I giovani ancora fuori dal piccolo caffè, ma con la differenza che adesso, accanto a quello accasciato sul tavolino, con la testa tra le braccia ripiegate, ce n’è un altro, in pullover marrone, chino su di lui (una mano a braccio teso, appoggiata sul tavolino e l’altra – appoggiata ad angolo retto – sullo schienale della sedia del dormiente – ubriaco forse?), parlandogli, sembrerebbe, con paziente e materna sollecitudine; uno di quelli seduti fuori a sinistra allora lancia un secchiello da spiaggia di plastica azzurra (o meglio butta per aria: e ciè non come chi miri a qualcosa, dato che il secchio non segue una traiettoria tesa, verso un bersaglio preciso, ma una curva roteando su se stesso e ricadendo sul tavolino vicino a quello del dormiente, rovesciando i bicchieri, il tintinnio di uno dei due spezzato al suolo quasi immediato, mentre l’altro, rovesciandosi sulla tavola, gira su se stesso, descrivendo un arco di cerchio, l’orlo, lungo il quale, dalla pozza di birra versata, si tira dietro una scia liquida, finchè urta contro uno dei piattini per ripartire allora in senso inverso e tornare immobile nella pozza, intatto), il ragazzo in pullover marrone (il braccio poco fa puntellato sullo schienale della sedia adesso intorno alle spalle del dormiente, il busto quasi orizzontale, la bocca contro l’orecchio del dormiente) voltare un attimo il capo verso il lanciasecchi, rivolgergli parole inudibili, ricominciare a parlare al dormiente, il secchio azzurro immobilizzato in mezzo alla via nel punto in cui è rotolato dopo aver urtato contro i bicchieri ed essere rimbalzato sul tavolino, poco distante dall’orlo del marciapiede, la ragazza vestita di rosso alzarsi di colpo allora, fare dietrofront e rientrare nel caffè. Tra la corta gonna e i lunghi stivali neri macchia chiara delle cosce e l’interno gemello delle ginocchia. Il sole brilla sui pezzi del bicchiere rotto.

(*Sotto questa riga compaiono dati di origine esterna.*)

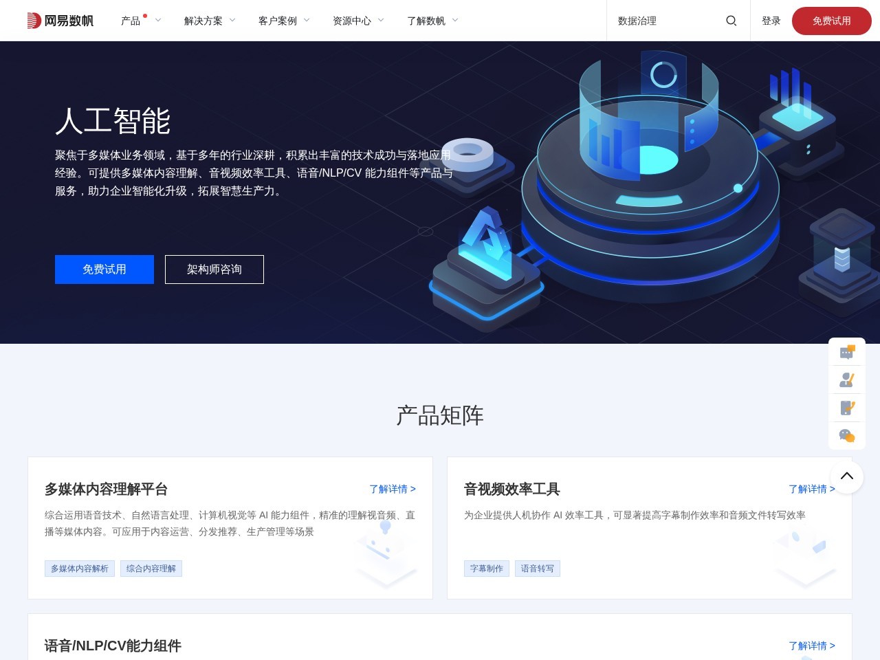 网易人工智能聚焦多媒体业务领域,依托多年行业经验,提供多媒体内容理解、音视频效率工具、语音/NLP/CV能力组件等产品与服务,助力企业智能化升级,拓展智慧生产力,服务对象包括网易集团内多个业务及产品。

Foto ingiallita con pallide ombre dove i volti lividi avevano occhi dalle pupille dilatate sgranate abbagliati dal lampo improvviso del magnesio probabilmente. Da un lato si poteva vedere l’angolo di una tavola di piatti spostati di bottiglie e di bicchieri ancora mezzo pieni. Barbuto che indossa un maglione a collo alto, un altro era in maniche di camicia ma incravattato, con uno di quei colletti inamidati o di celluloide che pareva sostenere la testa piatta nasuta occhialuta come quella d’un capo ufficio o reparto. Uno in maglietta a strisce da marinaio alzava una bottiglia a braccio teso, il busto arrovesciato la bocca aperta come un tenore. Quello con la barba aveva una chitarra sulle ginocchia. […]

(Da: Claude Simon,  La battaglia di Farsalo, Einaudi, 1987, trad. di Daniella Selvatico Estense.)